A short performance for 3 - 5 salty sea dogs. (To be related in their best quartermaster's euphony)
You'll be needin' a narrator, a couple of sailors, and an ol' pirate captain what's got a mouth fer talkin'.


*Note: It's ALL in the presentation. The accents, the motions and expressions, that's what makes or breaks it. I promise a +250% awesomeness if read loudly and with a pirate voice.

Narrator -
One dark and moonless night, to the left of the pier and down the little alley with the sign, there was seated in the tavern three merchant sailors and a pirate. Now pirate I say when of a truth the old captain was pirating more pints than privateers these days, and in fact hadn't set foot nor peg on his own ship in months.

You see these days his good leg was feeling as stiff as the wooden and he'd found him a hook what fit snug round the bottle so he could hoist his ale and toss the dice at the same time. The salty breeze and clap of the waves on the beach outside were all he needed, that and his mug, to live again those days long lost to the sands of time.

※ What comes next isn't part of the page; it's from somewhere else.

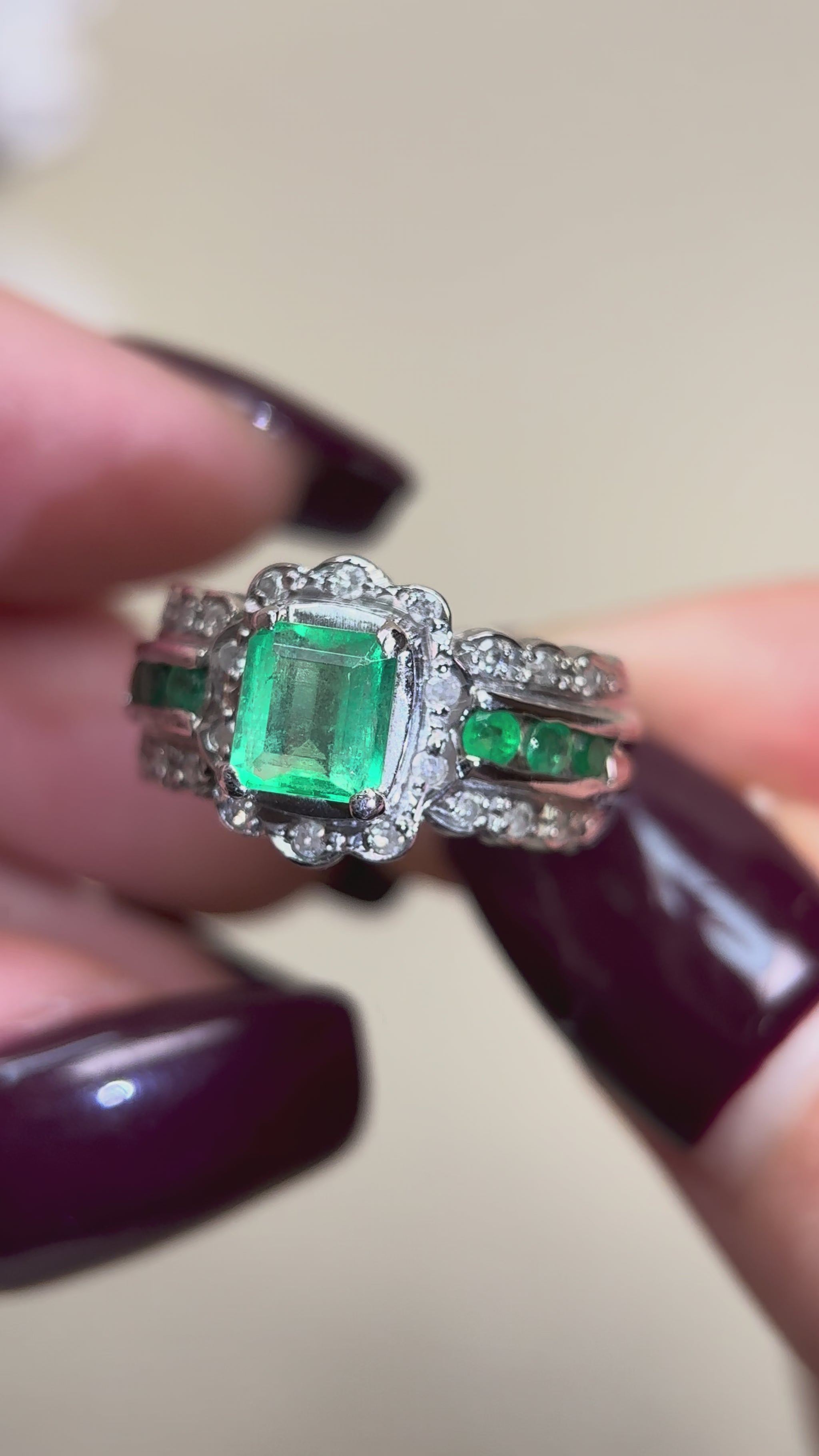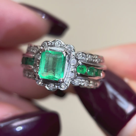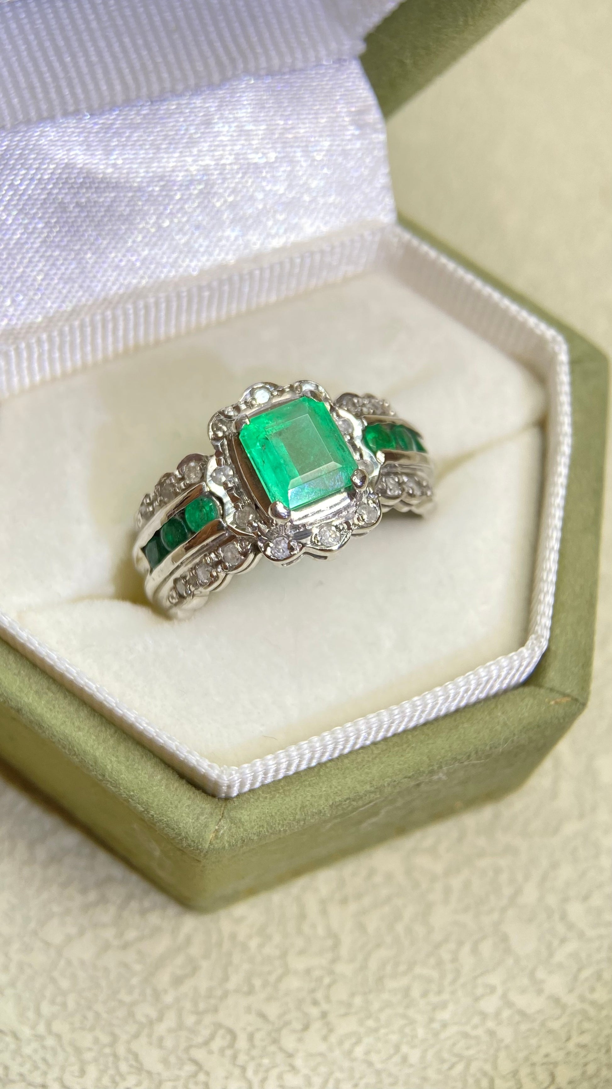 Pt900プラチナ&エメラルド&ダイヤモンドリング|エメラルド1.80t|ダイヤモンド0.18ct|日本製ヴィンテージエステートジュエリー-BPOA
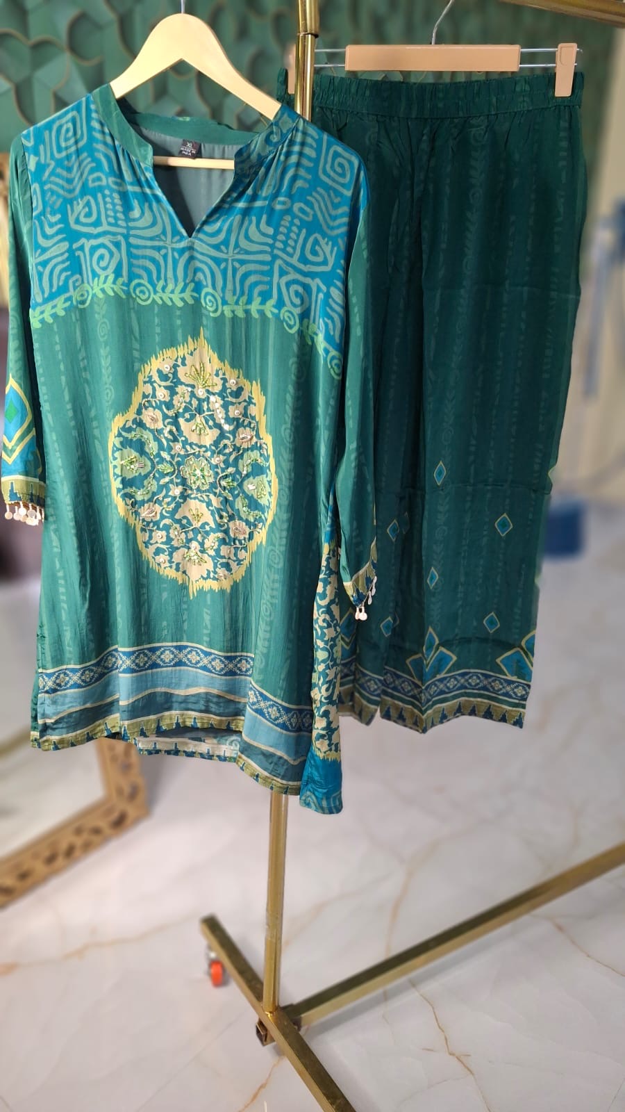 PURE VISCOSE CREPE WITH LINING PRINTED WITH THREAD HIGHLIGHTS

(Sitting round a table in an old tavern)

(after a pause fer establishin the proper ambiance)

Narrator -
All it took this night to get the captain started was a drunken query from one of the sailors about how his peg stood up to a round on the dance floor.

One of the Sailors -
(Drunken query about how his peg stands up to a round on the dance floor)

(Guffaws of his fellows)

Narrator -
After the guffaws of his fellows died down and the shouts of a brawl out in the street moved off into the night, an unfamiliar silence fell over the tavern, and even the old barkeep leaned a little closer as the salty sea dog began his tale.

Salty Sea Dog -
Well ya see lads,

Narrator -
He began, words growling from his salted throat like the rattling of a rusty anchor chain,

Salty Sea Dog -
Twas just ta leeward of 'ol Saint Lucia with a hold nigh ta burstin' ah rum and Spanish gold when the King's Navy finally caught up to us. We came round the Pitons and there they sat, just waitin' fer us, two fine Spanish galleys.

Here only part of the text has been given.